Commençons par les études : les étudiants sont sélectionnés à l’entrée à université via un numerus clausus décidé par le Ministère de la Santé (3500 élèves en 2012 sur 12 universités), correspondant au nombre d’étudiants dont le Ministère financera la formation. Selon les places offertes par les universités, les élèves ayant obtenu une moyenne supérieure à 8/10 dans le secondaire sont admis automatiquement en médecine. Néanmoins, les universités peuvent accueillir plus d’étudiants si elles le veulent.

Aux Pays-Bas, seuls des MG exercent en ville. L’installation d’un MG requiert d’être enregistré auprès de l’agence gouvernementale Inspectie Gezondheidszorg. Réglementairement, les MG sont libres de s’installer où ils le souhaitent.
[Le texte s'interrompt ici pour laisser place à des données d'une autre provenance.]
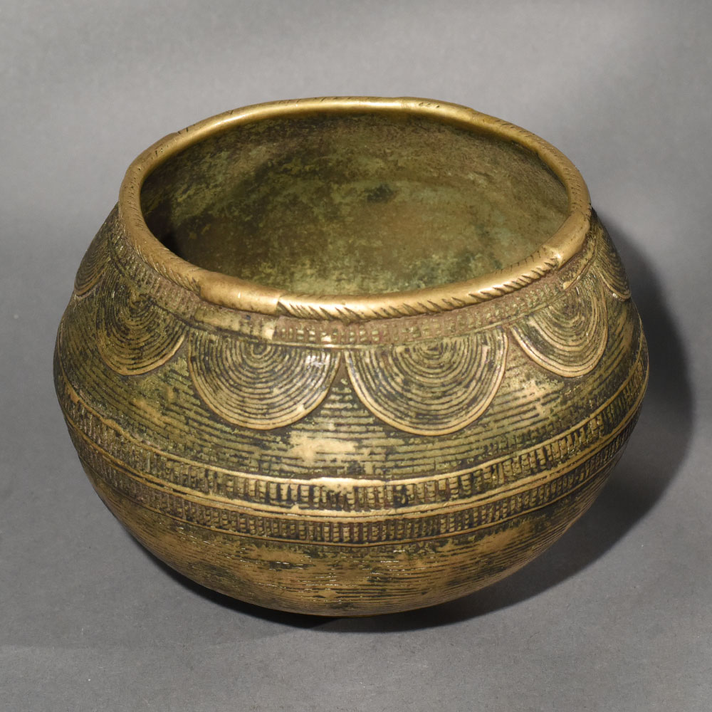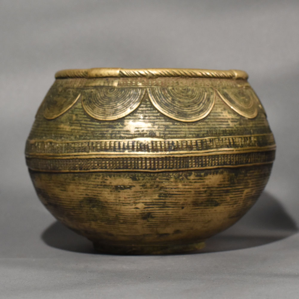This vintage brass rice measurement bowl from Odisha is a fine example of traditional Indian utilitarian craft, where everyday objects were shaped with both function and artistic expression in mind. Historically used in households and local markets, such bowls served as standardized measures for rice, grains, and pulses, essential staples in agrarian life. Crafted from solid brass, the vessel reflects the durability and cultural importance of metalware in eastern India. The bowl features a rounded, pot-like form with a wide mouth, allowing easy scooping and leveling of grains. Its exterior is richly decorated with engraved geometric and circular motifs arranged in horizontal bands, a design language commonly seen in Odishan brass work. The repeated arched patterns and linear textures create a rhythmic surface, giving the piece strong visual character while also aiding grip during use. The thick, rolled rim adds structural strength and emphasizes its practical origins. A naturally developed patina covers the surface, blending warm brass tones with darker, aged accents that speak to decades of handling and use. These surface variations enhance its authenticity and vintage appeal, making it equally suitable as a decorative object today. While it no longer needs to serve as a measuring tool, the bowl can be repurposed as a planter, storage vessel, or statement accent in traditional, rustic, or eclectic interiors. Beyond its functional past, this rice measurement bowl stands as a cultural artifact, reflecting Odishas rich craft traditions and the everyday rhythms of Indian domestic life. Its timeless form and handcrafted detailing make it appealing to collectors, designers, and those who appreciate heritage objects with history and character.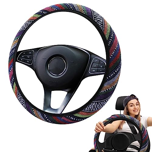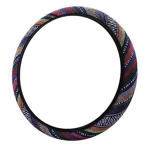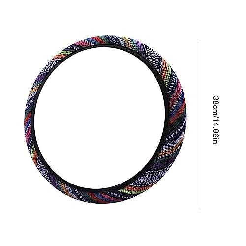 Lino colorato: il coprivolante per auto è realizzato in filo di lino colorato che è morbido e resistente. Il design della linea colore stile etnico esprime la tua personalità e il tuo stile. La tessitura filati colorati migliora l'aderenza e la stabilità.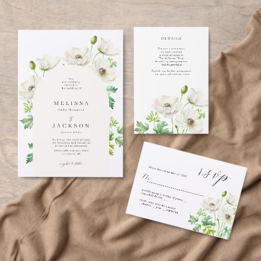 Convite para Casamento de Flor Anêmona Branca
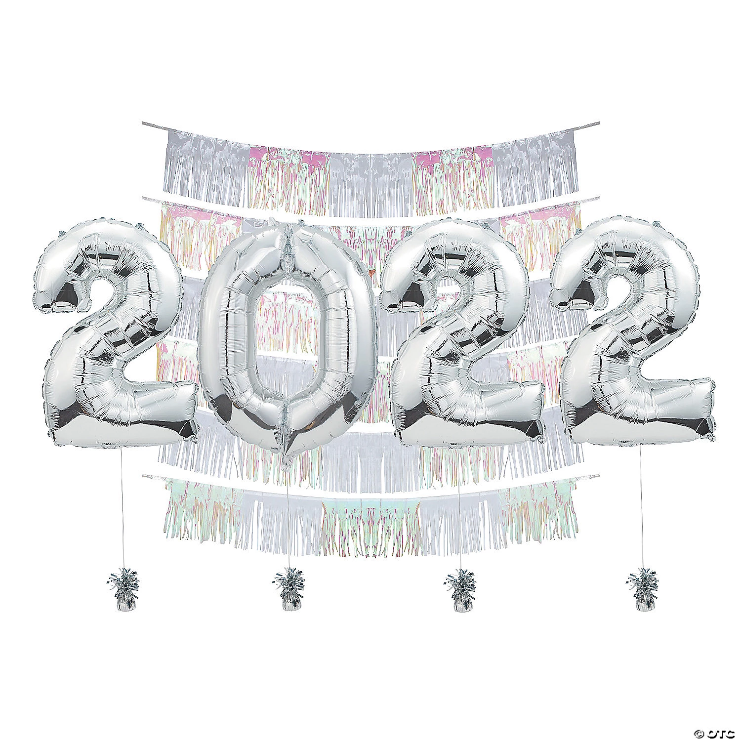 The best parties have fun photo booths so guests can snap some photos to remember the event. Give your guests a fun photo booth that will yield many fun photos with the help of this impressive backdrop kit. Featuring silver mylar balloons that spell out “2022” and a fringe garland backdrop, this kit is the perfect addition to New Year’s Eve or 2022 graduation celebrations. (23 pcs. per unit) Assortment may vary. Simple assembly required. © OTCIncludes:• 3 Silver “2” Shaped Mylar Number Balloons (34″)• 1 Silver “0” Shaped Number Mylar Balloon (34″)• 12 Foil Silver Metallic Balloon Weights (5 1/2″)• 1 Polypropylene Silver Curling Ribbon (3/16″ x 500 yds.)• 1 Foil White & Iridescent Fringe Garland Backdrop (6 pcs. per set. 61″ x 10″)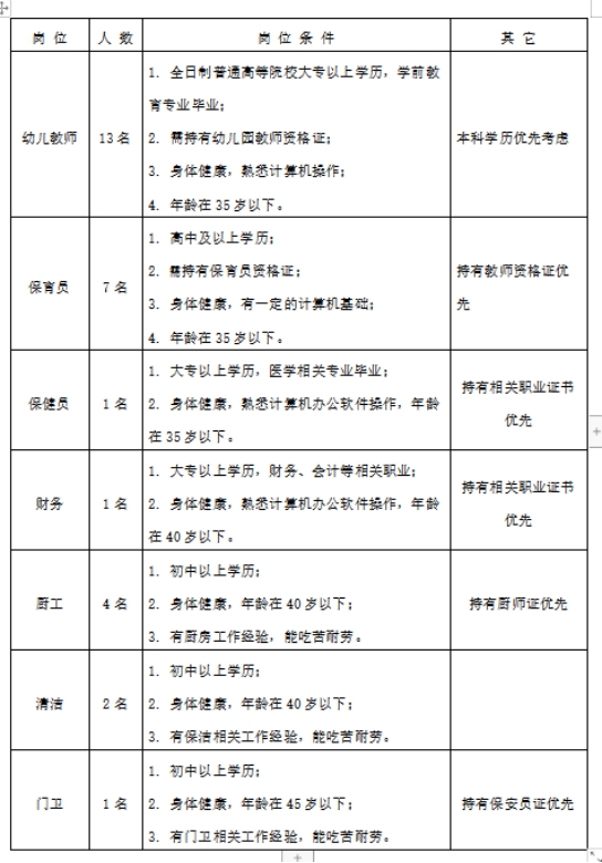 幼儿教师13名、保育员7名、保健员1名、财务1名、厨工4名、清洁2名、门卫1名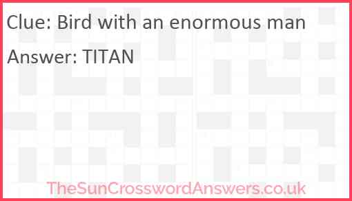 Bird with an enormous man is a crossword clue for which we have 1 possible answer and we have spotted 4 times in our database. This crossword clue was last seen on 03 December 2023 in The Sun Cryptic Crossword puzzle!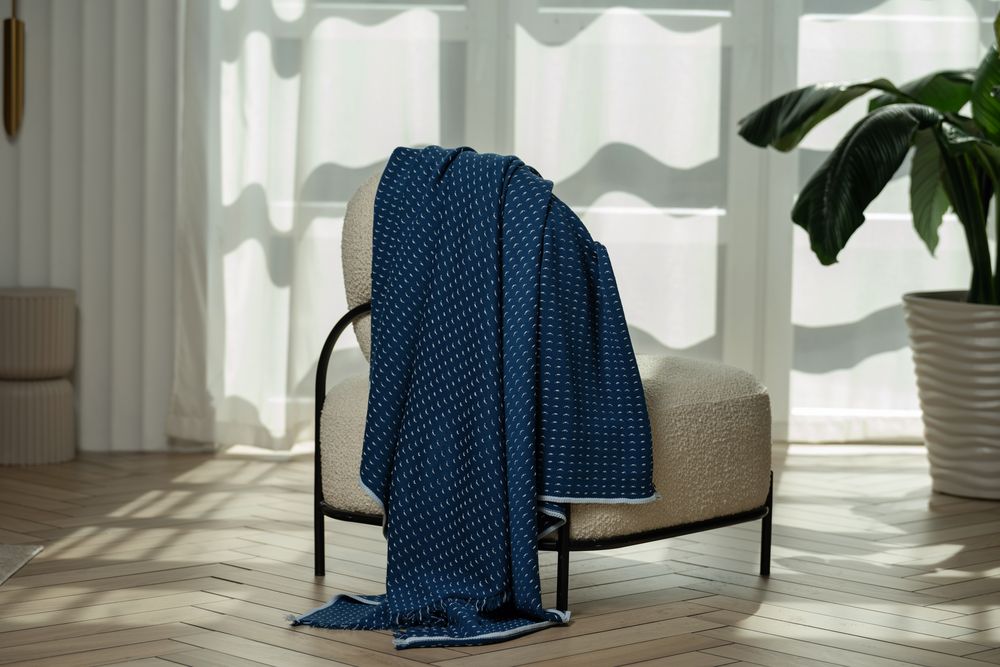Плед из мягкого акрила Fringy особенный и неповторимый. Он выигрышно выделяется необычным узором — контрастными с основным полотном стежками, дополненными элегантной и аккуратной бахромой. Словно соединив в себе искусство вязания с шитьем, плед гармонично впишется в дизайн современной гостиной или спальни.

Les consultations sont remboursées au médecin dès lors que le généraliste est doté d’un contrat avec l’assureur du patient : il doit donc avoir un accord avec les assureurs de tous ses patients.

Le MG reçoit une rémunération fixe par patient dont il est le médecin traitant, et une rémunération variable par consultation. Les patients choisissent leur médecin, les médecins peuvent refuser des patients.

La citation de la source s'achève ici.